Items from a dataset
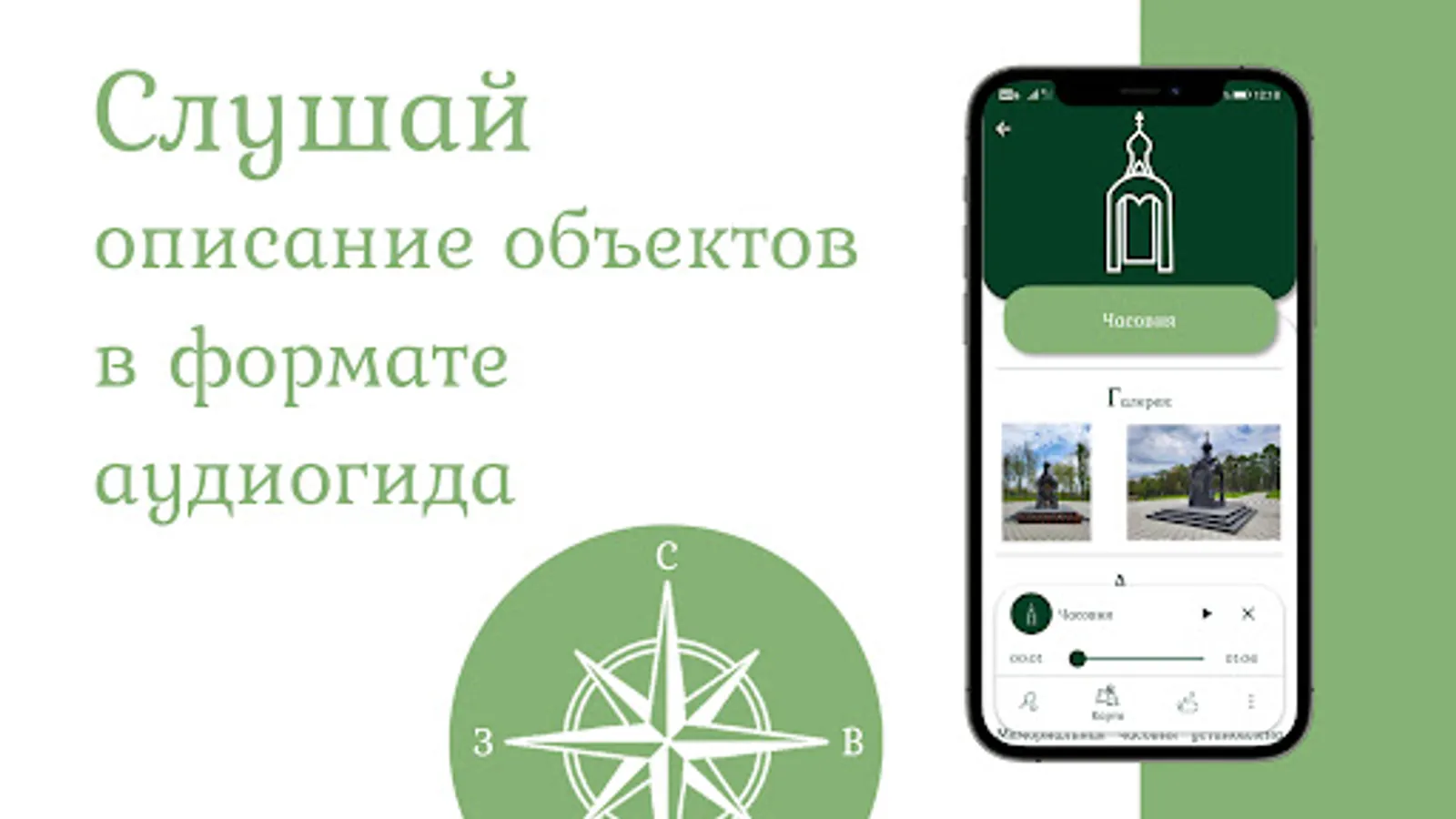Information about some objects is presented in the application not only in text form, but also in audio guide format.
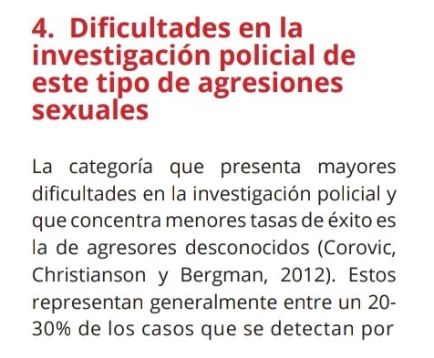 Es decir, que estos datos difícilmente podrían ser aplicables, sin ningún tipo de contexto, al recuento actual de agresiones sexuales. Aparte, este estudio únicamente contabiliza las agresiones sexuales con víctima desconocida, es decir, sin relación con el agresor.
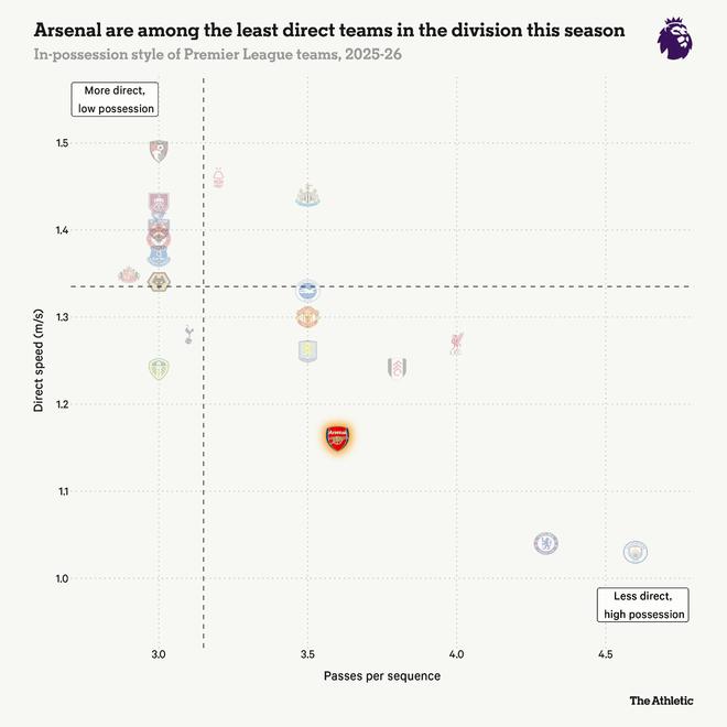 从下面的可视化图表可以看出,阿森纳是联赛中控球时更有耐心的球队之一。本赛季许多球队都倾向于用很少的传球打直接足球,而曼城和切尔西等球队则继续进行着长传次数的配合。在赛季这么晚的阶段,彻底改变风格不太可能,但“踢得快”并不总是意味着“踢得直接”。
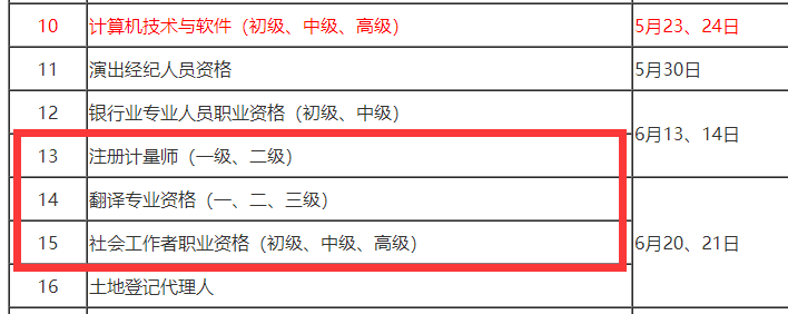 根据JRS直播从中国人事考试网获得的相关信息,又有3个职业资格考试推迟举行,具体时间另行通知,包括原定6月13、14日举行的2020年度注册计量师(一级、二级),原定6月20、21日举行的翻译专业资格(一级、二级、三级)和社会工作者职业资格(初级、中级、高级)考试。
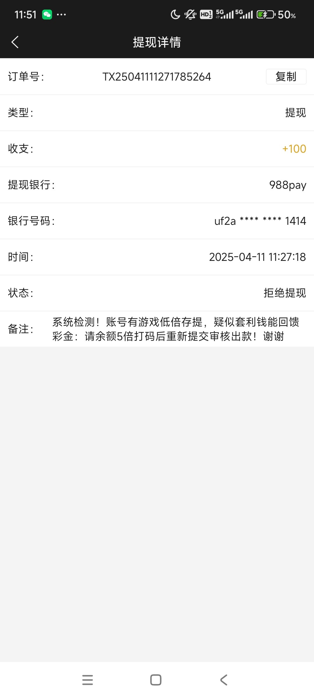 662存了100,一飞冲天磨到700,提现让五倍流水,打了五倍流水,提现1150,又罚五倍水,禁止玩电子。上火,去开元棋牌梭哈牛牛。打到6500,这才提现到账了
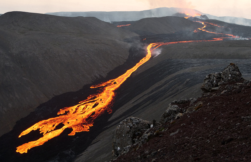 Kommt natürlich auch auf die Windverhältnisse an. Der Langi Hryggur ist aber der beste Punkt um auf den Krater zu sehen da sich die Krateröffnung mit Lava-Ausfluss auf der Ostseite befindet. Momentan läuft die Lava nordöstlich in die Meradalir, nicht mehr in Richtung Natthagi. Die Abflussrichtung kann sich jedoch jederzeit wieder ändern. Es sieht im Moment aber eher nicht danach aus.
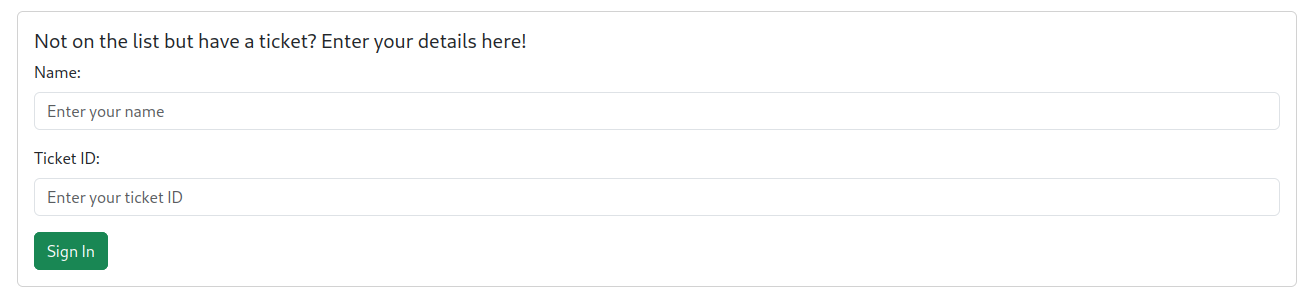 We can also use the form at the bottom of the site to enter a specific name and ticket ID. If our name and ticket ID figures in the list, we are let in to the welcome page.
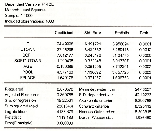 Opening a Group (hold Ctrl click each series, double-click in blue) with the variables we see that PRICE, SQFT and AGE contain the usual type of values, but the rest are 0’s and 1 ’s. These are dummy variables. They are used in a regression just like any other variables. Estimate the POE equation (7.13). Use Quick/Estimate Equation or enter the command
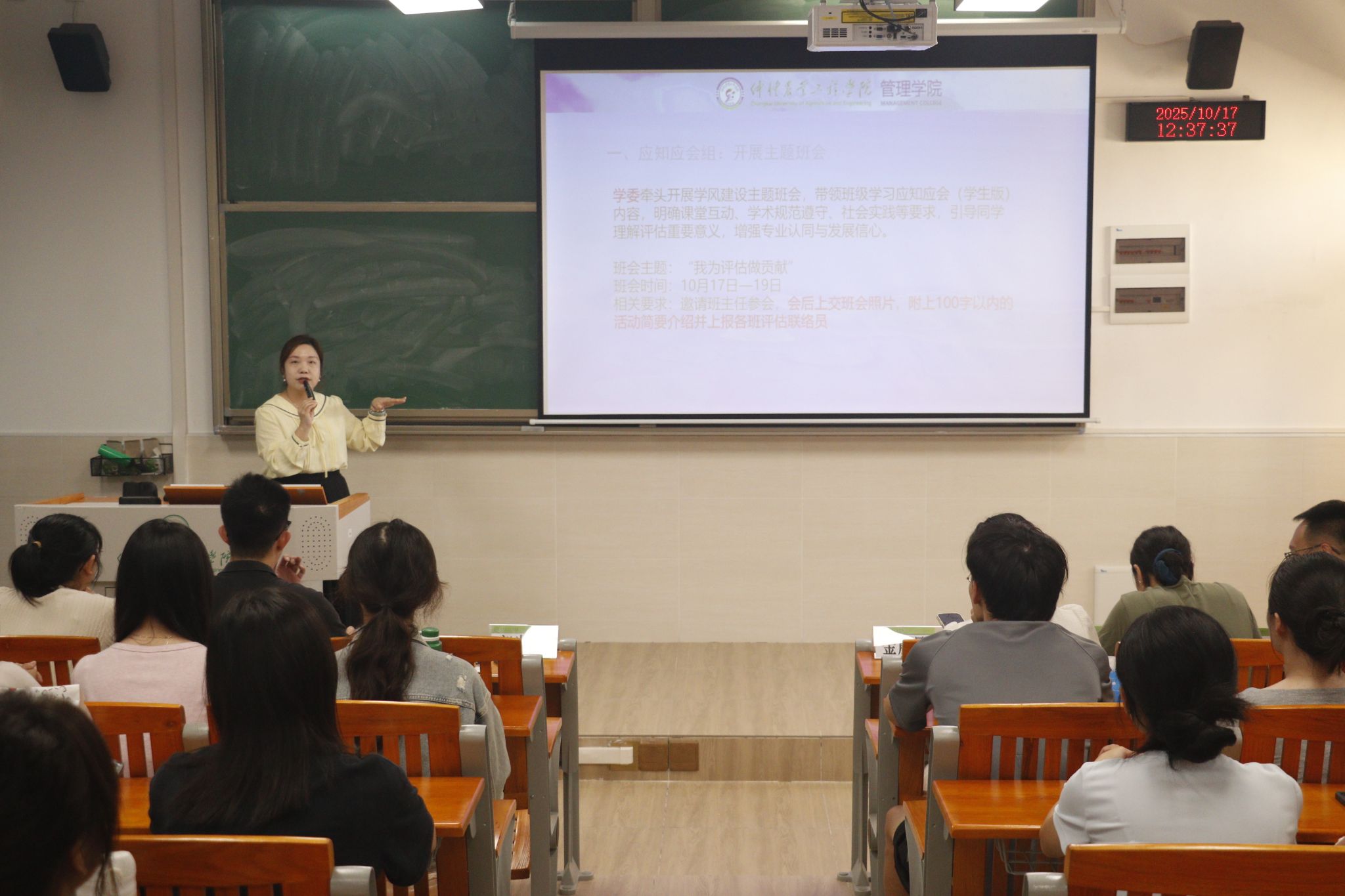 为全面迎接本科教育教学审核评估工作,动员全院师生迎评促建,管理学院于10月17日在经管楼召开本科教育教学审核评估动员会。学院党委副书记郭肖明、全体辅导员、各年级主要学生骨干参加了本次会议。
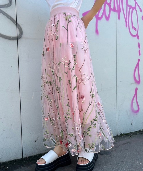 【Narcissus】フラワーチュールスカート 優しく透けるチュール地に施したフラワー刺繍が上品な印象のロングスカート。 普段のコーディネートを印象的にブラッシュアップさせ、コーディネートの主役に。 オケージョン・パーティーシーン等でも活躍するデザイン。 ※ご覧のモニター環境や撮影環境により実際の商品と多少色味が異なって見える場合がございます、ご理解の程を宜しくお願い致します。 ▼商品のお気に入り登録をおススメ致します☆サイズやカラー横のハートマークをクリック! 完売カラーの再入荷や、ラスト1点の通知、セールの際の通知を受ける事ができます。 お気に入り登録も宜しくお願い致します♪
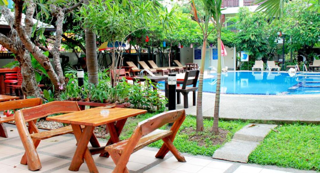 Отдыхали с мужем, в марте 2014 года. Это была первая поездка в Тай. При выборе отеля критериев было минимум, тк постоянно в номере находиться не планировали ( так и вышло, большую часть отпуска провели в экскурсиях ). В отеле только ночевали и завтракали, кстати завтраки хорошие, ассортимент не большой, но все вкусно. Мест всегда хватало. Обычно мы всегда выбирали столики у бассейна. Очень удачное расположение бассейна внутри двора в тени кустарников и прочей зелени. Для примера в одном из соседних отелей бассейн расположен прямо у входа, люди отдыхают, расслабляются, а мимо проходят толпы заселяющихся зевак, думаю не очень уютно. В номере убирались. Персонал вежлив, но не тороплив.Воровства не было
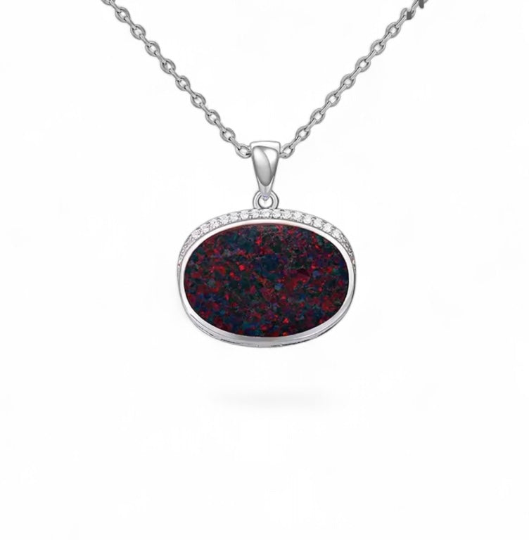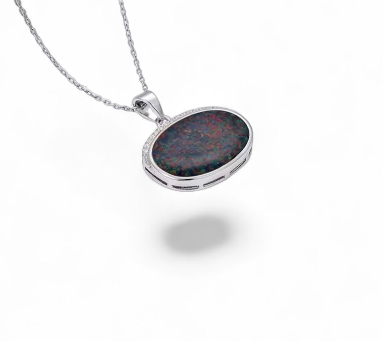Main stone: Synthetic polished inlaid opal with triple rhodium plating
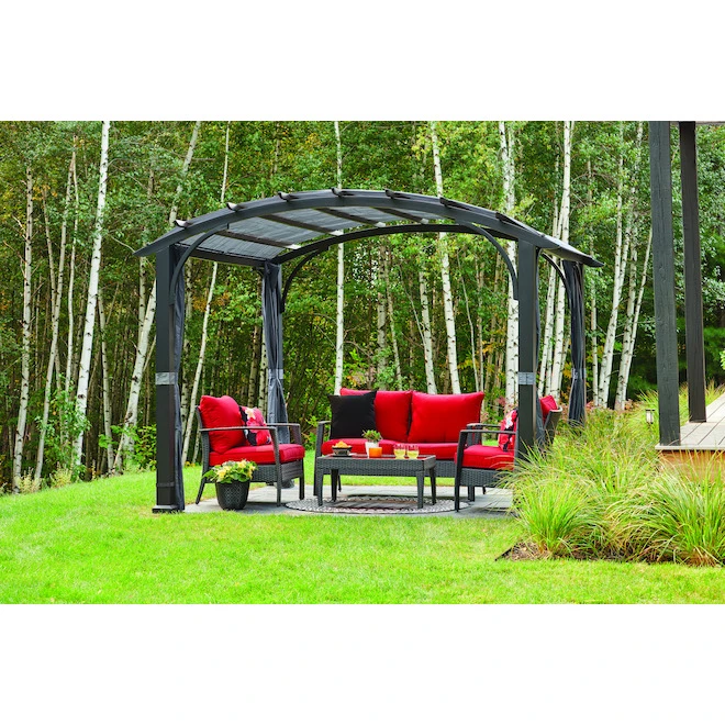 Add a touch of originality to your yard with this beautiful pergola, which features a heavy-duty steel frame with a powder-coated finish that’s designed to stand up against the elements, ensuring you’ll be able to use it for years to come. The grey arched sling canopy boasts a unique design that creates the illusion of more interior space, while individual side curtains are easy to open or close, depending on your preferred level of shade and privacy. The top canopy is easy to remove; simply unscrew the knob-ended bolt at each corner. This pergola is backed by a 1-year limited warranty to give you peace of mind.

▶ ASSIGNMENT
Word for word, give the entries above again, with no images included.

▶ ANSWER SPACE
Information about some objects is presented in the application not only in text form, but also in audio guide format.
 Es decir, que estos datos difícilmente podrían ser aplicables, sin ningún tipo de contexto, al recuento actual de agresiones sexuales. Aparte, este estudio únicamente contabiliza las agresiones sexuales con víctima desconocida, es decir, sin relación con el agresor.
 从下面的可视化图表可以看出,阿森纳是联赛中控球时更有耐心的球队之一。本赛季许多球队都倾向于用很少的传球打直接足球,而曼城和切尔西等球队则继续进行着长传次数的配合。在赛季这么晚的阶段,彻底改变风格不太可能,但“踢得快”并不总是意味着“踢得直接”。
 根据JRS直播从中国人事考试网获得的相关信息,又有3个职业资格考试推迟举行,具体时间另行通知,包括原定6月13、14日举行的2020年度注册计量师(一级、二级),原定6月20、21日举行的翻译专业资格(一级、二级、三级)和社会工作者职业资格(初级、中级、高级)考试。
 662存了100,一飞冲天磨到700,提现让五倍流水,打了五倍流水,提现1150,又罚五倍水,禁止玩电子。上火,去开元棋牌梭哈牛牛。打到6500,这才提现到账了
 Kommt natürlich auch auf die Windverhältnisse an. Der Langi Hryggur ist aber der beste Punkt um auf den Krater zu sehen da sich die Krateröffnung mit Lava-Ausfluss auf der Ostseite befindet. Momentan läuft die Lava nordöstlich in die Meradalir, nicht mehr in Richtung Natthagi. Die Abflussrichtung kann sich jedoch jederzeit wieder ändern. Es sieht im Moment aber eher nicht danach aus.
 We can also use the form at the bottom of the site to enter a specific name and ticket ID. If our name and ticket ID figures in the list, we are let in to the welcome page.
 Opening a Group (hold Ctrl click each series, double-click in blue) with the variables we see that PRICE, SQFT and AGE contain the usual type of values, but the rest are 0’s and 1 ’s. These are dummy variables. They are used in a regression just like any other variables. Estimate the POE equation (7.13). Use Quick/Estimate Equation or enter the command
 为全面迎接本科教育教学审核评估工作,动员全院师生迎评促建,管理学院于10月17日在经管楼召开本科教育教学审核评估动员会。学院党委副书记郭肖明、全体辅导员、各年级主要学生骨干参加了本次会议。
 【Narcissus】フラワーチュールスカート 優しく透けるチュール地に施したフラワー刺繍が上品な印象のロングスカート。 普段のコーディネートを印象的にブラッシュアップさせ、コーディネートの主役に。 オケージョン・パーティーシーン等でも活躍するデザイン。 ※ご覧のモニター環境や撮影環境により実際の商品と多少色味が異なって見える場合がございます、ご理解の程を宜しくお願い致します。 ▼商品のお気に入り登録をおススメ致します☆サイズやカラー横のハートマークをクリック! 完売カラーの再入荷や、ラスト1点の通知、セールの際の通知を受ける事ができます。 お気に入り登録も宜しくお願い致します♪
 Отдыхали с мужем, в марте 2014 года. Это была первая поездка в Тай. При выборе отеля критериев было минимум, тк постоянно в номере находиться не планировали ( так и вышло, большую часть отпуска провели в экскурсиях ). В отеле только ночевали и завтракали, кстати завтраки хорошие, ассортимент не большой, но все вкусно. Мест всегда хватало. Обычно мы всегда выбирали столики у бассейна. Очень удачное расположение бассейна внутри двора в тени кустарников и прочей зелени. Для примера в одном из соседних отелей бассейн расположен прямо у входа, люди отдыхают, расслабляются, а мимо проходят толпы заселяющихся зевак, думаю не очень уютно. В номере убирались. Персонал вежлив, но не тороплив.Воровства не было
Main stone: Synthetic polished inlaid opal with triple rhodium plating
 Add a touch of originality to your yard with this beautiful pergola, which features a heavy-duty steel frame with a powder-coated finish that’s designed to stand up against the elements, ensuring you’ll be able to use it for years to come. The grey arched sling canopy boasts a unique design that creates the illusion of more interior space, while individual side curtains are easy to open or close, depending on your preferred level of shade and privacy. The top canopy is easy to remove; simply unscrew the knob-ended bolt at each corner. This pergola is backed by a 1-year limited warranty to give you peace of mind.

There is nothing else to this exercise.